“Blind Guessing? Voter Competence About Partisan Messaging,” John Henderson, Yale University
AMERICAN POLITICS & PUBLIC POLICY WORKSHOP
Abstract: Considerable research uncovers fundamental limits to voter competence about parties and candidates, which may undermine their ability to hold incumbents accountable. In this study, I develop novel inference experiments to assess whether these limits extend to voters as ‘blind guessers’, unable to discern differences in electoral messages aired by Democrats and Republicans. The experiments ask respondents to infer candidates’ party from their campaign statements, allowing an analysis of individual and ad-level factors that influence accurate party inferences. I find voters, including the least informed, possess modest competence about partisanship in campaign messaging.
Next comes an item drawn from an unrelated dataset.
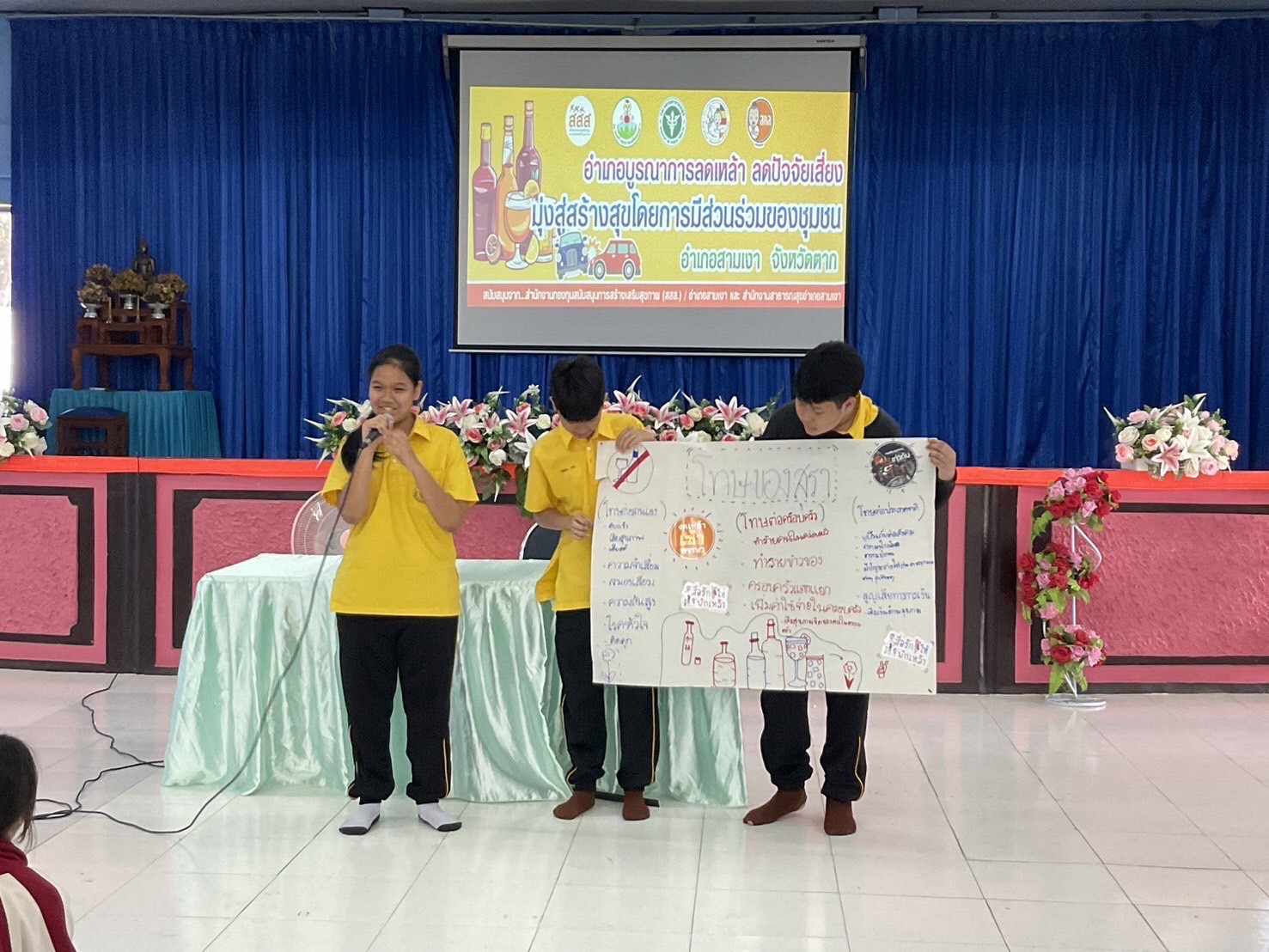 วันที่ 20 กุมภาพันธ์ 2567 นายรัติน์พงษ์ สันตติภัค ผู้อำนวยการโรงเรียนสามเงาวิทยาคมมอบหมายให้นางสาวรัชนก จินะตา ครูหัวหน้าโครงการแก้ไขปัญหายาเสพติดในสถานศึกษา นำนักเรียนที่มีอายุระหว่าง 12-15 ปี เข้าร่วมกิจกรรม “โครงการอำเภอบูรณาการลดเหล้า ลดปัจจัยเสี่ยง มุ่งสู่สร้างสุข โดยการมีส่วนร่วมของชุมชน” เพื่อเป็นการเสริมสร้างความร่วมมือเครือข่ายการคบคุมเครื่องดื่มแอลกอฮอล์ ที่เป็นปัจจัยเสี่ยงและเสริมสร้างพฤติกรรมป้องกันการดื่มเครื่องดื่มแอลกฮอล์ในเยาวชน เพื่อจำนวนลดนักดื่มหน้าใหม่ ณ หอประชุมโรงเรียนชุมชนชลประทานรังสรรค์ อำเภอสามเงา จังหวัดกตาก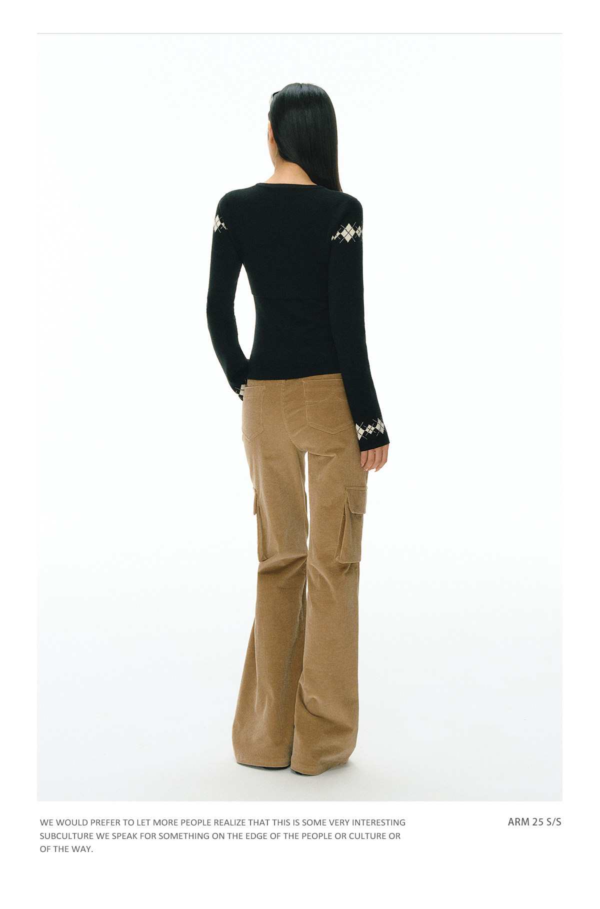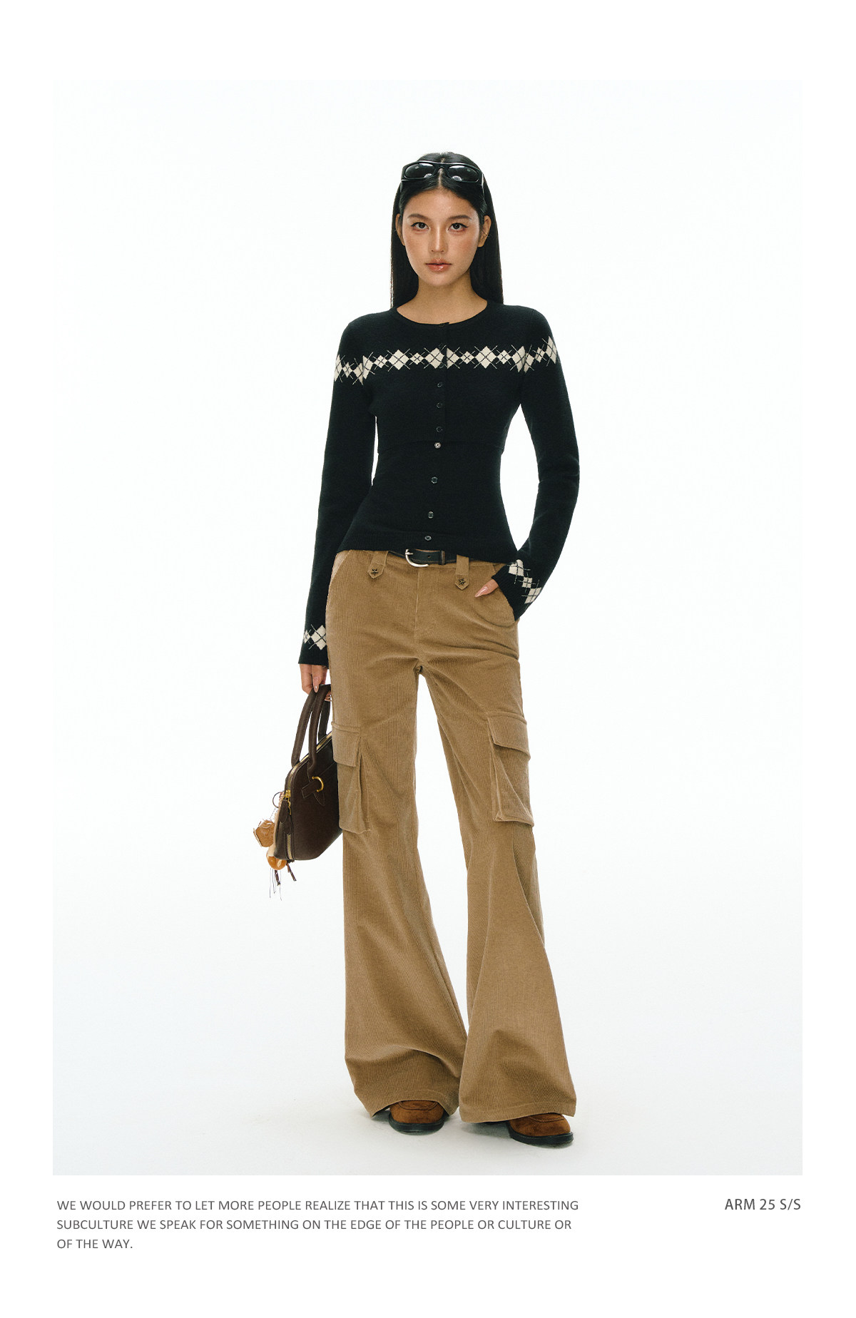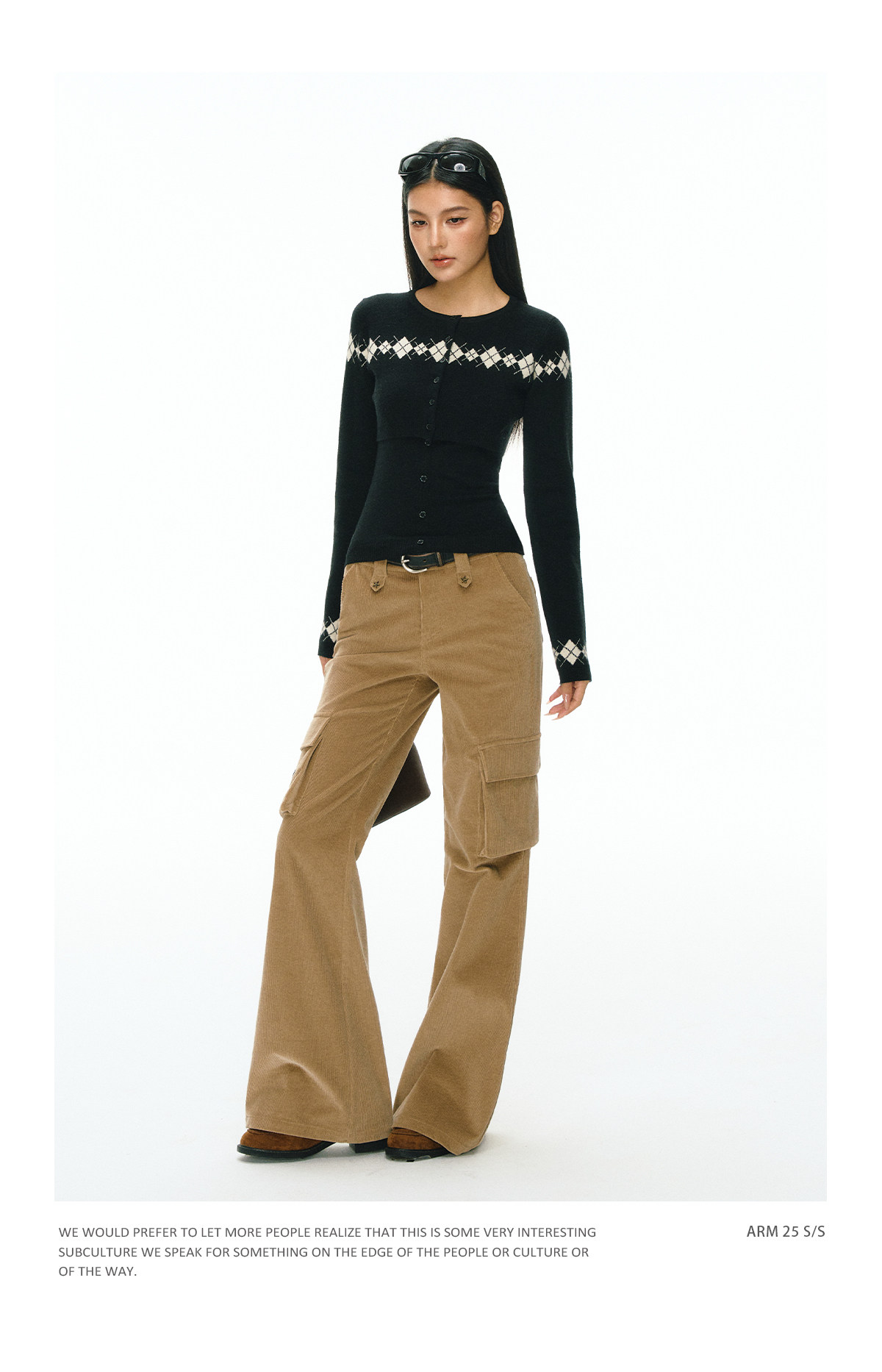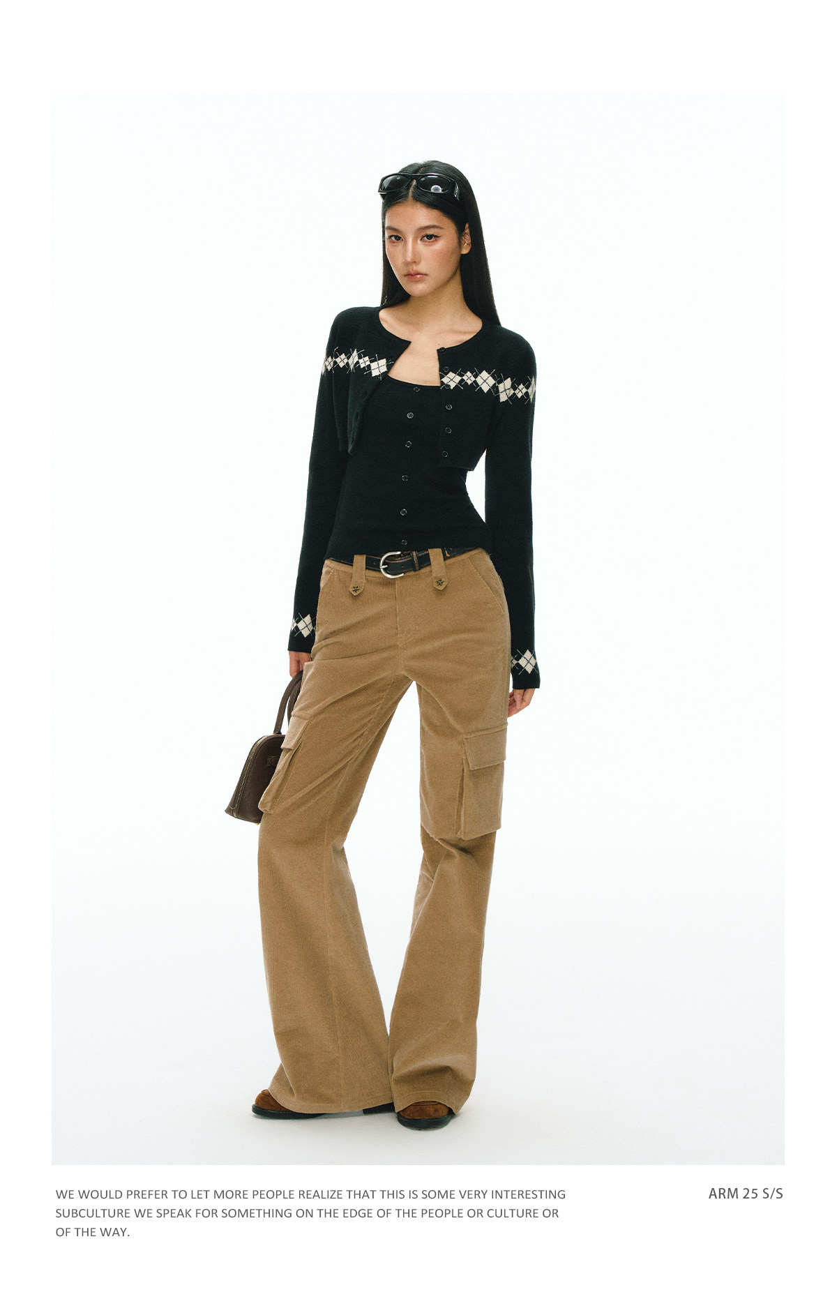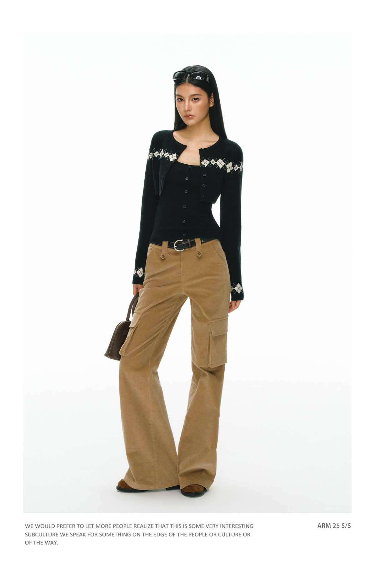 Ariseism 美式复古设计感两件套菱格开衫毛衣女秋冬新款修身上衣

Accuracy varies by political knowledge, though only for negative, and not positive ads. I find a major role for elite strategy driving the latter – candidates communicate counter-typical issue statements in promotion ads, diminishing voter ability to correctly attribute party. The study underscores that strategic or ‘crafted talk’ can be an important elite source of voter ignorance even for the most politically informed, raising broader implications for theories of voter competence and blind retrospection in elections.
John A. Henderson is Assistant Professor in the Department of Political Science at Yale University. His research focuses primarily on the consequences of polarization on representation and policymaking in the U.S., as well as the causes of participation and vote choice in congressional and presidential elections.